I’ve been running into some problems while attempting to update from Zammad 6.3.x to Zammad 6.5, and I’ve realised the documentation for updating source installations is missing some important information I think, such as how to copy over the configuration from the existing installation as copying the whole config directory I found doesn’t work. I’ve also had all sorts of fun with installing Vite and trying to successfully complete a rake assets:precompile. I can’t see any documentation on Vite in the Zammad doco’s, but I found I had to manually installing it. The steps documented in this post so far seem to be the best: [Zammad 6.5 per Source - Update] No Users in View - Technical assistance - Zammad - Community
This brings to where I’m up to, which is stuck on rake assets:precompile. When running, it seems to get stuck in a loop repeating the “Building with Vite” step until everything locks up because I’ve run out of memory or the CPU is completely pegged while flogging the swap file. See screenshot below.
If someone can give me some guidance here, that’d be appreciated. I’ll keep at it in the meantime and will be sure to post back with how I’ve fixed it if I manage to get that far.
So, turns out the zip files under https://ftp.zammad.com/ don’t contain any dot-prefixed hidden files or directories. The red-highlighted error regarding missing “.eslist-plugin-zammad” in the above screenshot was somewhat of a clue. That needs to be looked into and remedied as that’s bound to trip up others.

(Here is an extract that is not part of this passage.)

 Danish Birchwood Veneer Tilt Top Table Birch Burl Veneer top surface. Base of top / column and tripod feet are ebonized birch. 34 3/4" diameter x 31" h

I think my other Vite-related issues were because I didn’t have pnpm installed before running bundle install. So I think I’m all good, but the documentation for updating/upgrading source installations does need to be improved.

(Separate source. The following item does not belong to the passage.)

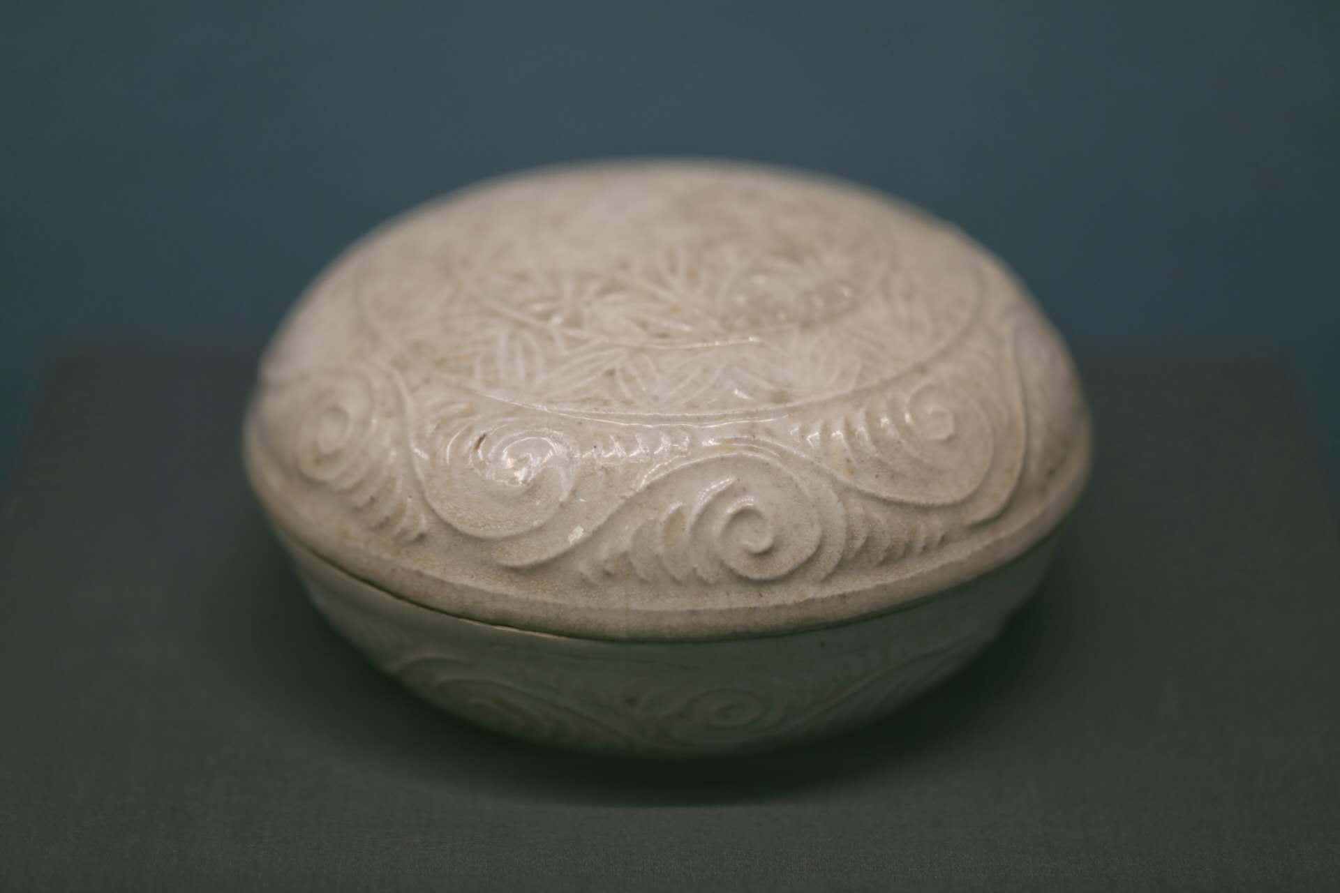 元代印花粉盒,德化县陶瓷博物馆藏。新京报记者 浦峰 摄

I’ll now take the opportunity to migrate to Postgres.
I think for me it’s maybe an issue of control and/or understanding when it comes to troubleshooting.
Using the system package manager is not an attractive option unless I had Zammad running on its own VM. Right now, it’s on a server with other Ruby web apps sometimes on its own Nginx instance, sometimes sharing depending on the Ruby version dependency.
I should look more into docker, but Zammad is the only application that we’d see any benefit from running that way, so we’d have to make that investment solely for the purpose of running Zammad. Maybe the day we move Zammad from on-prem to cloud-hosted that’d make more sense where the Docker infrastructure already exists.
Source installation has generally worked very well for us given we already run other ruby web apps as mentioned. This latest update going from Zammad 6.0 to 6.5 has given me the most grief but only because of the somewhat lacking source install/update documentation and the issue with the zip files, otherwise it would have been relatively straight forward.